Source material:
**********
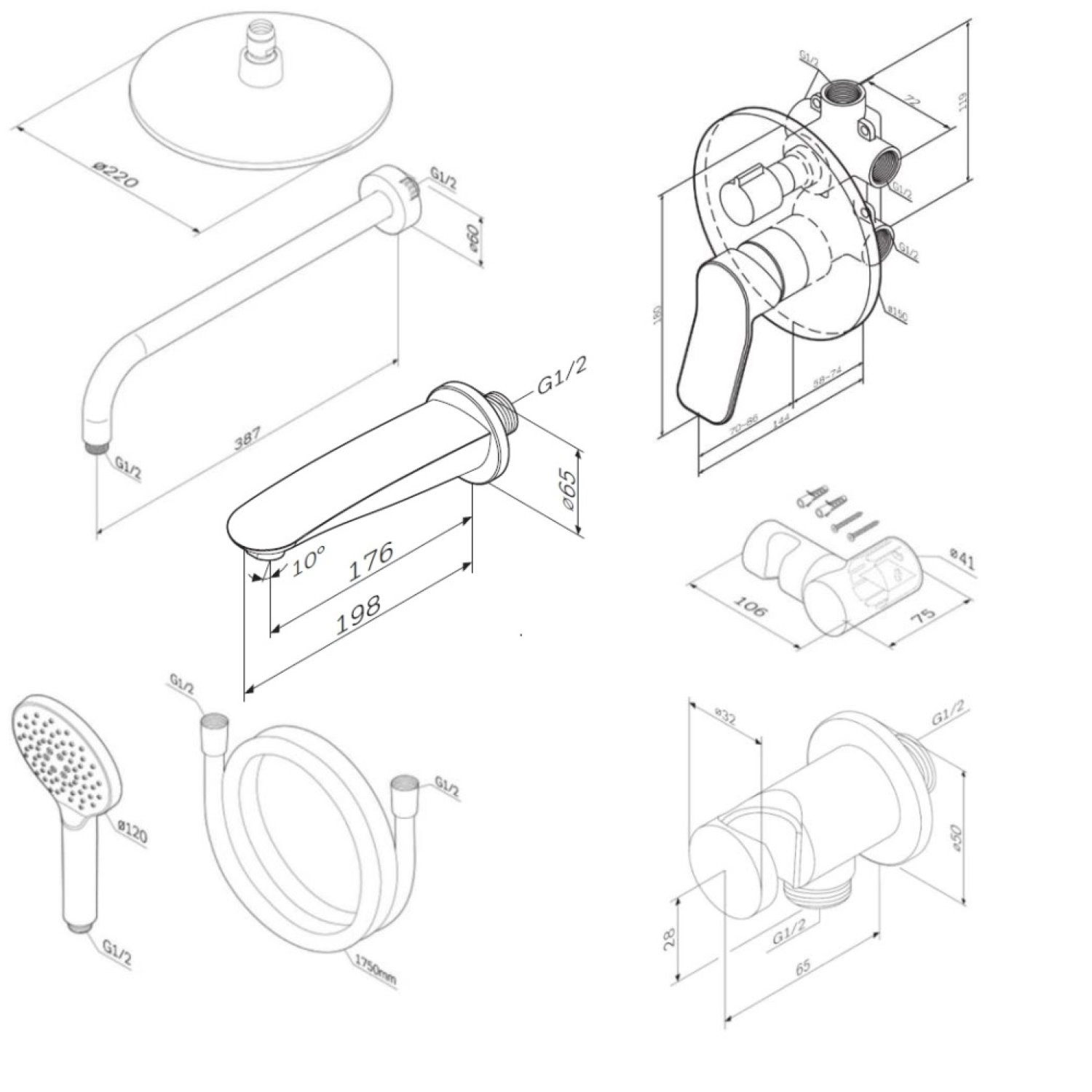 Набор: смеситель для ванны и душа, верхний душ с держателем, излив, душевой набор и шланговое присоединение
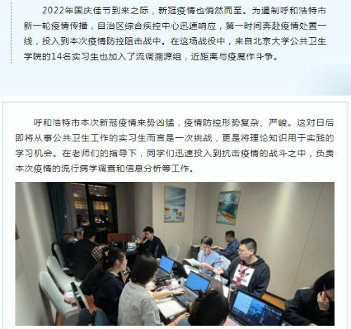 专业育人显成效——北大公卫学子在内蒙抗疫一线
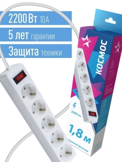 Сетевой фильтр Космос защищает устройство от выхода из строя из-за " некачественного" тока: защита от перегрузок и замыканий многоразовой автоматикой. Защита импульсных помех часто встречающихся в бытовой электросети. Лучше всего подходит для подключения чувствительной электроники:компьютеров,телевизоров,стереосистем и т.д.Максимальная мощность 2200 Вт, что достаточно для одновременного подключения двух ноутбуков, телевизора,игровой приставки и любого мощного устройства.100% медный трехжильный кабель с сечением 0,75мм, пожаробезопастный корпус. Индикатор сети. Номинальный ток 10А.
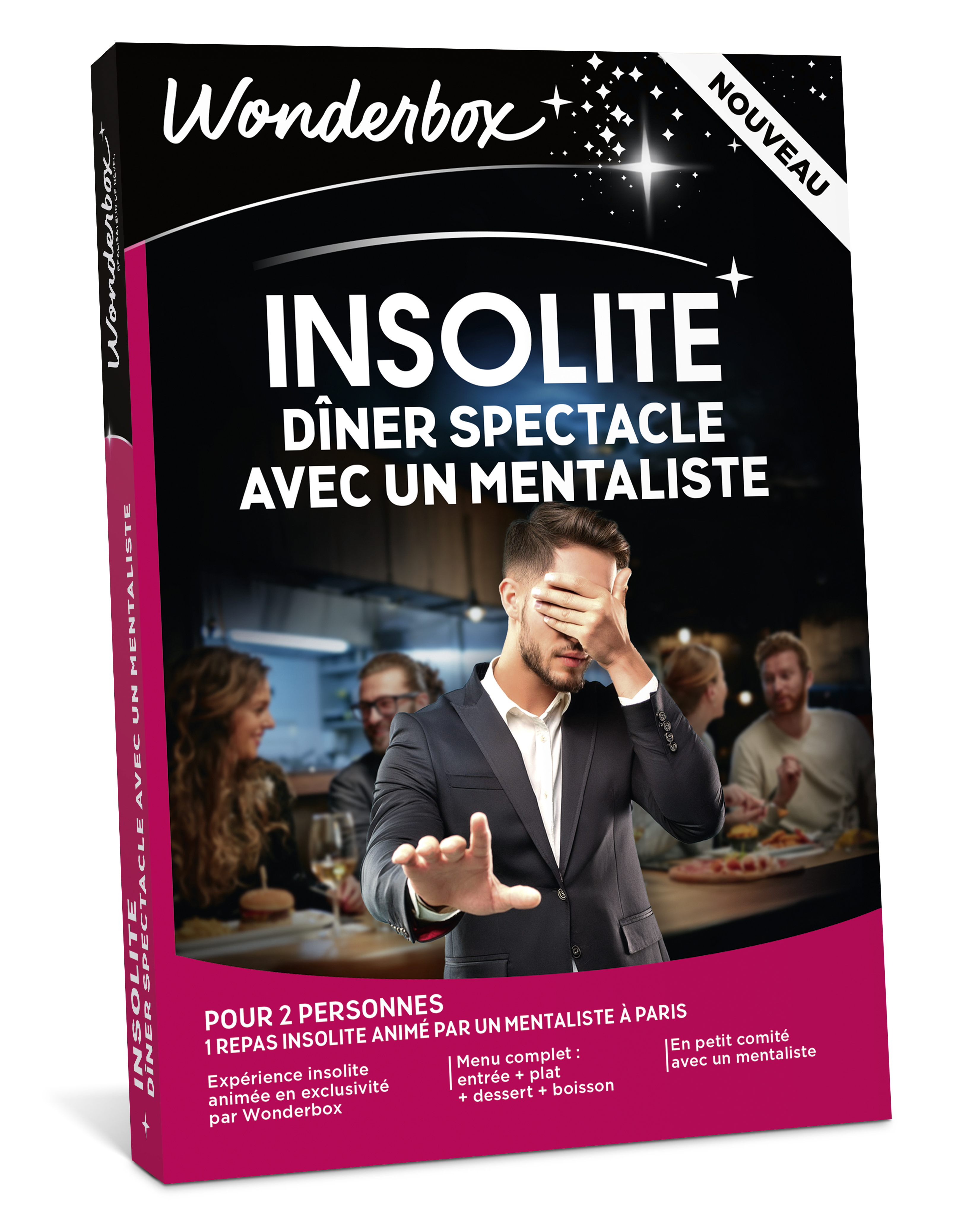 1 repas insolite avec un mentaliste à Paris pour 2 personnes. Menu complet : entrée à partager + plat + dessert + boisson. Expérience insolite animée en exclusivité par Wonderbox Envie de sortir de votre quotidien et de vivre une expérience gustative originale en duo chez notre partenaire Parisien ? Avec ce coffret, découvrez l’univers du mentalisme avec un véritable maître en la matière. Faites place au spectacle le temps d’un savoureux dîner et entrez dans un monde où tout n’est que magie, mystère et illusion ! Cette expérience gourmande et insolite organisée en exclusivité par Wonderbox vous laissera des souvenirs indélébiles !
**********
Work instruction: Return the listing verbatim, pictures omitted.

Answer to the problem:
 Набор: смеситель для ванны и душа, верхний душ с держателем, излив, душевой набор и шланговое присоединение
 专业育人显成效——北大公卫学子在内蒙抗疫一线
 Сетевой фильтр Космос защищает устройство от выхода из строя из-за " некачественного" тока: защита от перегрузок и замыканий многоразовой автоматикой. Защита импульсных помех часто встречающихся в бытовой электросети. Лучше всего подходит для подключения чувствительной электроники:компьютеров,телевизоров,стереосистем и т.д.Максимальная мощность 2200 Вт, что достаточно для одновременного подключения двух ноутбуков, телевизора,игровой приставки и любого мощного устройства.100% медный трехжильный кабель с сечением 0,75мм, пожаробезопастный корпус. Индикатор сети. Номинальный ток 10А.
 1 repas insolite avec un mentaliste à Paris pour 2 personnes. Menu complet : entrée à partager + plat + dessert + boisson. Expérience insolite animée en exclusivité par Wonderbox Envie de sortir de votre quotidien et de vivre une expérience gustative originale en duo chez notre partenaire Parisien ? Avec ce coffret, découvrez l’univers du mentalisme avec un véritable maître en la matière. Faites place au spectacle le temps d’un savoureux dîner et entrez dans un monde où tout n’est que magie, mystère et illusion ! Cette expérience gourmande et insolite organisée en exclusivité par Wonderbox vous laissera des souvenirs indélébiles !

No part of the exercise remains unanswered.